Now we simply throw away any rows with a non-negative population difference. Here is one combination of parameters exhibiting Simpson’s reversal.

simpsons_reversal <- part_c %>% 
  filter(diff_pop < -0.05) %>% 
  head(1) %>% 
  gather(term, value)
Parameters leading to Simpson’s reversal
term value
id 109.0000000
r 0.2837123
q0 0.0664811
q1 0.8468126
p00 0.8441892
p10 0.8827558
p01 0.5273831
p11 0.5816885
diff_pop -0.1933634
diff_z0 0.0385666
diff_z1 0.0543054

As a final check, let’s generate a dataset for this set of parameters.

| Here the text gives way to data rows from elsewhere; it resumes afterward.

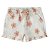 - Cream-colored floral print shorts with ruffle hem for extra charm
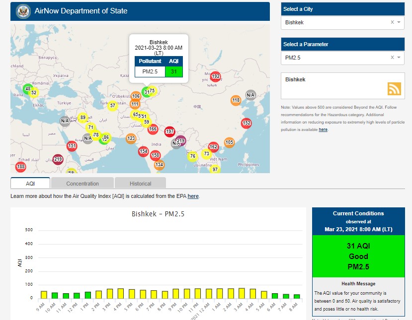Посольство США в Кыргызстане также установило датчик. Информация обновляется каждый час. На 8.00 индекс качества воздуха в районе дипломатической миссии — 31 (AQI).
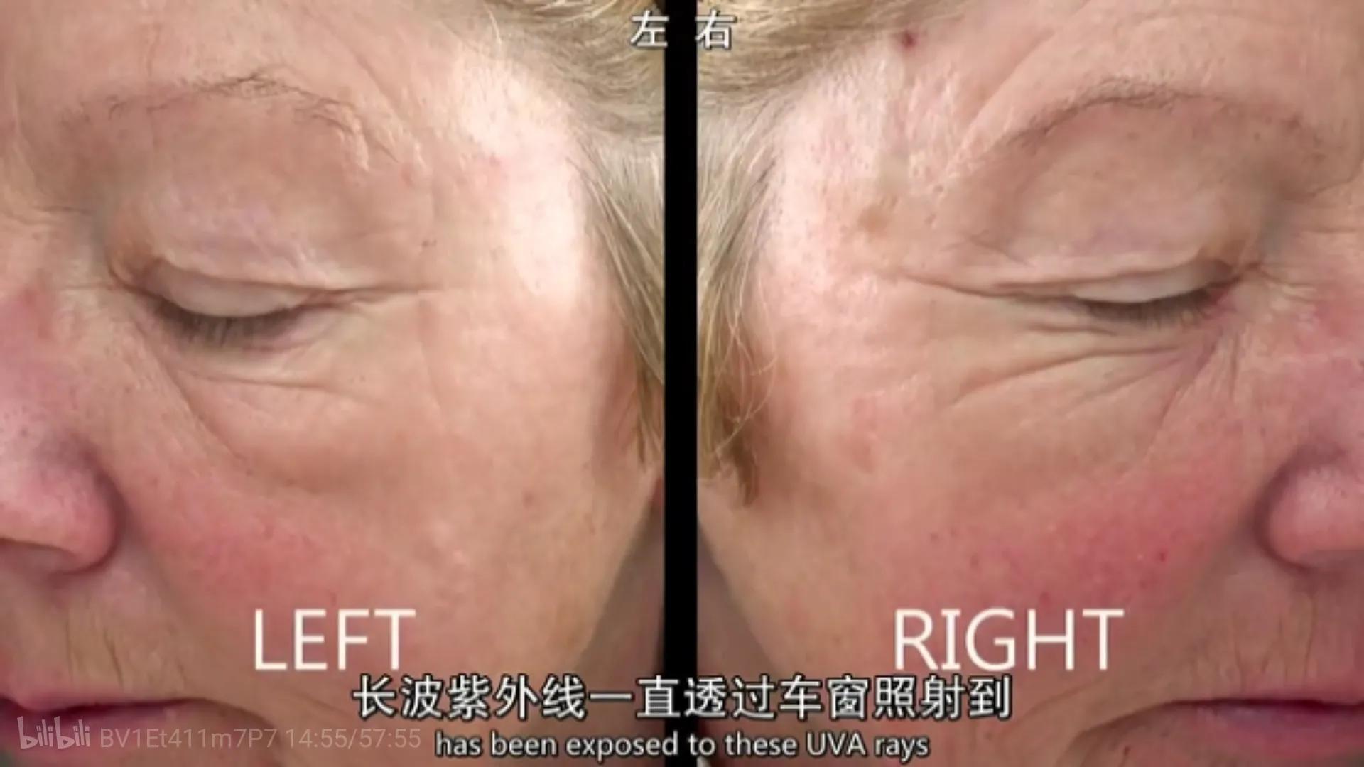 女司機(jī)的右臉比左臉的皺紋多,因?yàn)樗{駛時(shí),右臉經(jīng)常被光照到,長(zhǎng)波紫外線(xiàn)可以透過(guò)玻璃照到臉上(太陽(yáng)的短波紫外線(xiàn)會(huì)曬傷皮膚,但長(zhǎng)波紫外線(xiàn)會(huì)導(dǎo)致皮膚老化),陽(yáng)光為皮膚衰老承擔(dān)了3/4的責(zé)任。
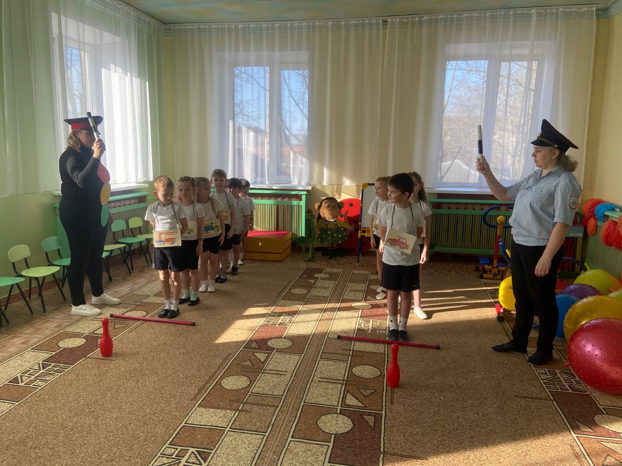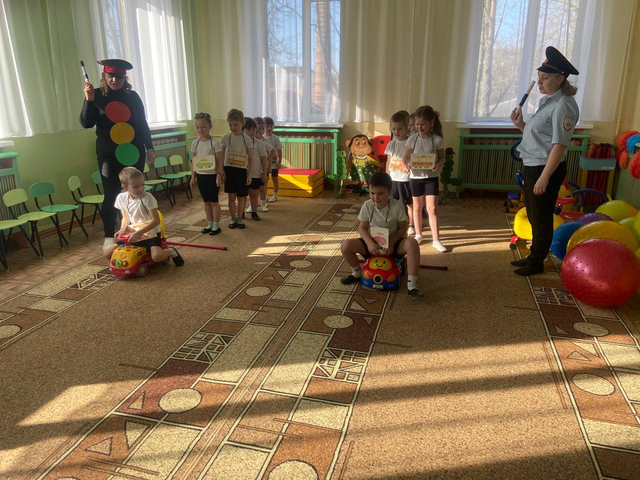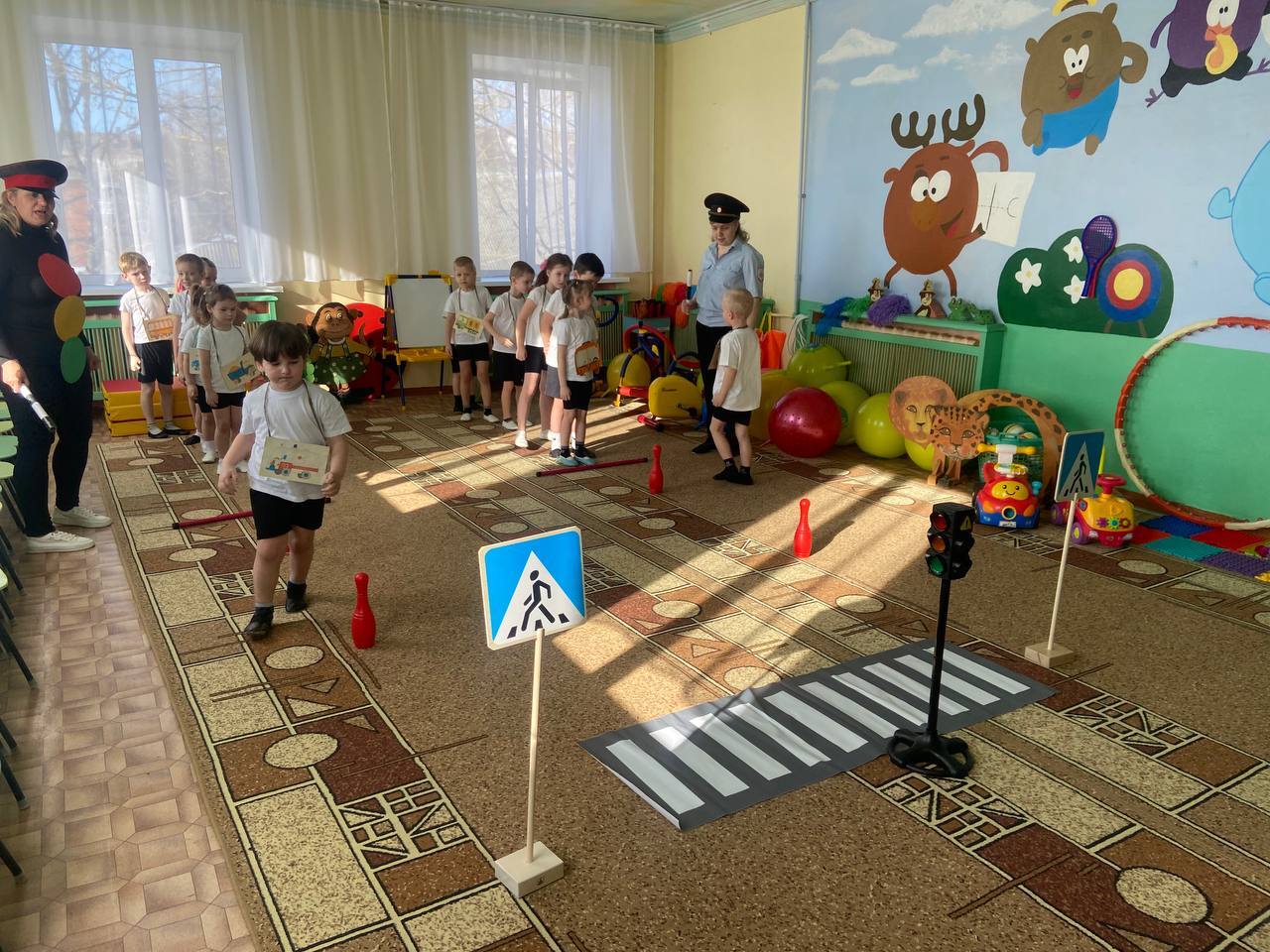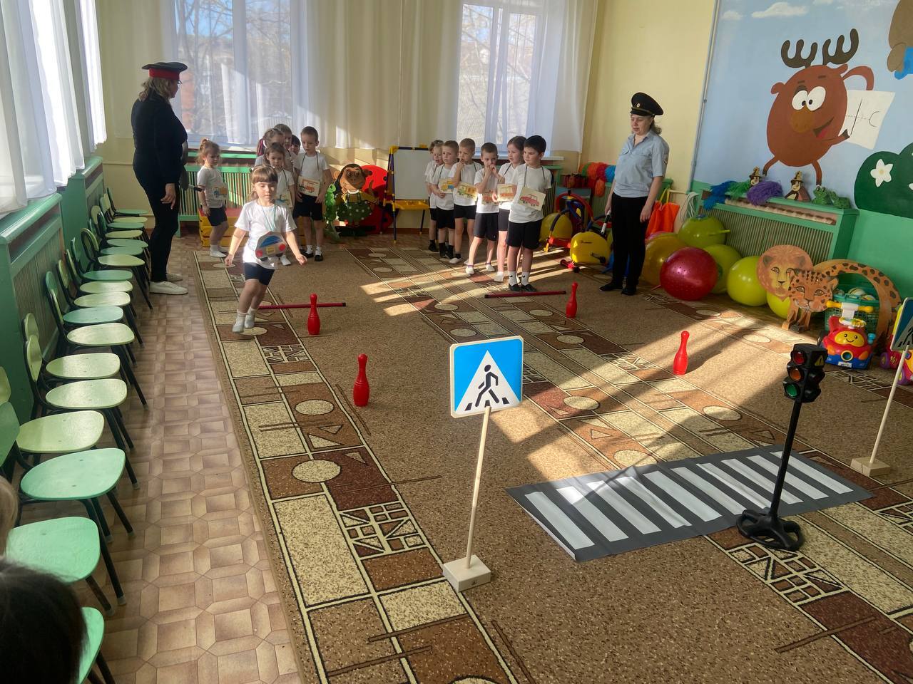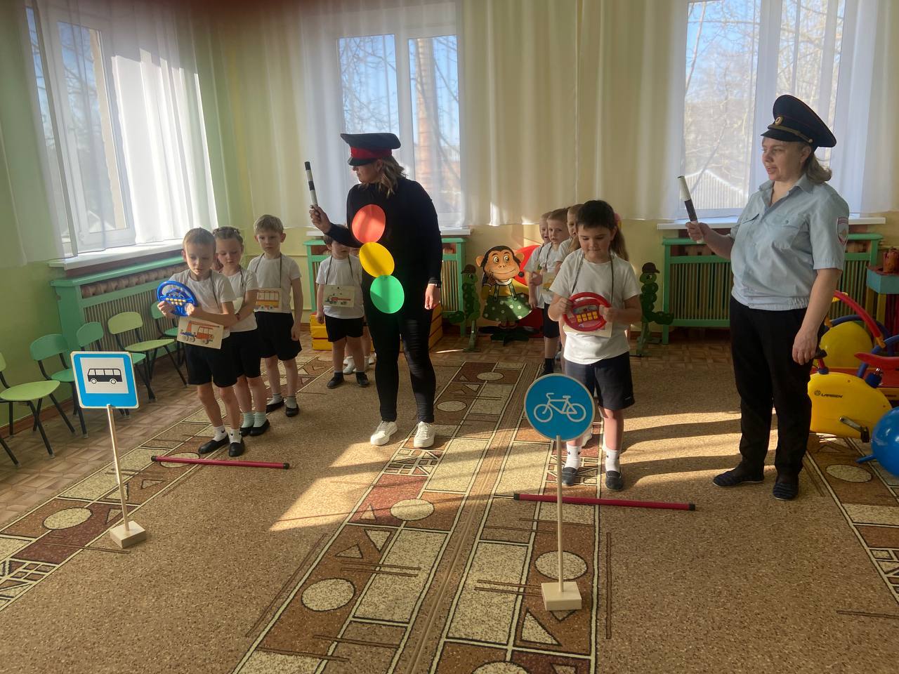 Воспитанники старшего дошкольного возраста играли в игры «Красный, жёлтый и зелёный», участвовали в эстафетах «Внимательный водитель», «Цветные рули» и др., отгадывали загадки о дорожных знаках.

df <- simpsons_reversal %>% 
  spread(term, value) %>% 
  crossing(unit = 1:N) %>% 
  mutate(
    z = rbinom(N, 1, r),
    x = rbinom(N, 1, if_else(z == 0, q0, q1)),
    p_y_given_x_z = case_when(
      x == 0 & z == 0 ~ p00,
      x == 0 & z == 1 ~ p01,
      x == 1 & z == 0 ~ p10,
      x == 1 & z == 1 ~ p11
    ),
    y = rbinom(N, 1, p_y_given_x_z)
  ) %>% 
  select(unit, x, y, z)

The empirical joint probability distribution is as follows.

p_x_y_z <- df %>% 
  group_by(x, y, z) %>% 
  count() %>% 
  ungroup() %>% 
  mutate(p = n / sum(n))
x y z n p
0 0 0 1068 0.1068
0 0 1 197 0.0197
0 1 0 5609 0.5609
0 1 1 224 0.0224
1 0 0 52 0.0052
1 0 1 1016 0.1016
1 1 0 400 0.0400
1 1 1 1434 0.1434

The population-level probability difference is given by:

diff_pop <- p_x_y_z %>% 
  group_by(x) %>% 
  summarise(p = sum(n * y) / sum(n)) %>% 
  spread(x, p) %>%
  mutate(diff = `1` - `0`)
0 1 diff
0.8217808 0.6319779 -0.1898028

which is close to the theoretical value.

Similarly, the sub-population differences are

diff_z <- p_x_y_z %>% 
  group_by(x, z) %>% 
  summarise(p = sum(n * y) / sum(n)) %>% 
  spread(x, p) %>% 
  mutate(diff = `1` - `0`)
z 0 1 diff
0 0.8400479 0.8849558 0.0449078
1 0.5320665 0.5853061 0.0532396

which are also close to the theoretical values we calculated. More importantly, they have a different sign to the population difference, confiming that we have case of Simpson’s reversal.